Next, due to the 2 attributes having so close a relation (as mentioned in the cell above), we can remove the unneeded attribute. We define which of the 2 is unneded by checking which has a slightly closer linear relation to the overall satisfaction.

In [None]:
fulldf = fulldf.drop(['Departure Delay in Minutes'], axis = 1) #removing the departure delay in minutes -
#correlation is 0.96 - very high, no need for both as one follows mostly from the other

In [None]:
fulldf.info() #Presenting the final dataset info before maachine learning algorithms for future reference

One last thing we have to do before we split the data into train and test sets, we have to normalize the values. As all are values are now numerical, and there are no NaN values, we can do that without too much trouble. The normalization will only be done on the values which will be given to us in the future for prediction (all data except the attribute which we have decided to predict: the overall satisfaction of the reviewer). In this case, the overall satisfaction is already normalized as it comprises of values 0 and 1 only, but in general it is not necessary to normalize the attribute for prediction.<br>
We choose normalizaiton and not standartization due to there being no outliers in this dataset.<br><br>
To normalize the data, we first split it to x and y, and mentioned above.

In [None]:
x = fulldf.drop(['satisfaction'], axis = 1)
y = fulldf['satisfaction']

Next, we use the fuction min_max_scaler.fit_transform() method to achive normalization of the data.

In [None]:
z = x.values #returns a numpy array
min_max_scaler = MinMaxScaler()
z_scaled = min_max_scaler.fit_transform(z)
x = pd.DataFrame(z_scaled)
x

## Models
Now that we are finished with data cleaning, we have a dataset, where there are no NaN values, all attributes are numerical and normalized, we can split the data using the train_test_split() method. The method splits the data according to a random state (an integer), so that over multiple reruns, the resulting dataframes from the method remain the same. The test size is set to 0.1 (10%), which results in close to 13000 records (which is enough in my opinion).

In [None]:
X_train, X_test, y_train, y_test = train_test_split(x, y, test_size = 0.1, random_state = 0)

### Dummy Classifier

Now that we have split our data, we can get down to the models. Before choosing and applying the models to the data, we need a baseline model, to compare all others to it: if the models thereafter are worse than the base model, we are doing something wrong. If the model is better than the base model, on the other hand, it means that the model works, and is able to be better at predicting than a "dummy" model. The base model we will use is "Dummy Classifier", which will, regardless of the input, put in the most frequent value in y_train. It puts in the most frequent value due to the strategy we have put into the model, although we could choose differently, but this strategy seems to return the best results.<br><br>
after using the model.fit() and model.predict() methods, we can use the metrics.accuracy_score() method to test a see which percentage of the predictions made by the dummy classifier were correct. in our case, the percentage of correct answers is 56.7%. Not bad, although not unexpected, as it almost certainly would have to be over 50%, as out of the 2 options, the dummy classifier chose the one which appeared the most.

In [None]:
dummyModel = DummyClassifier(strategy="most_frequent")
dummyModel.fit(X_train, y_train)
predictionsDummy = dummyModel.predict(X_test)

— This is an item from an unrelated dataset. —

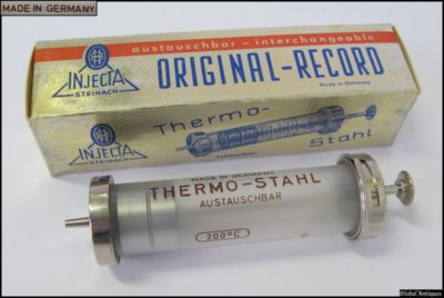 Title (ebay affiliate link): WWII ORIGINAL GERMAN MEDICAL BRASS & GLASS SYRINGE 20cc

accuracyDummy = metrics.accuracy_score(y_test, predictionsDummy)
accuracyDummy

We shall plot a confusion matrix to visualize how many values the dummy classifier predicted correctly (the confusion matrix is explained in detail later in the notebook.

In [None]:
plt.figure(figsize=(5,4))
sns.heatmap(confusion_matrix(y_test, predictionsDummy), cmap = "Blues", annot=True, fmt = '.0f')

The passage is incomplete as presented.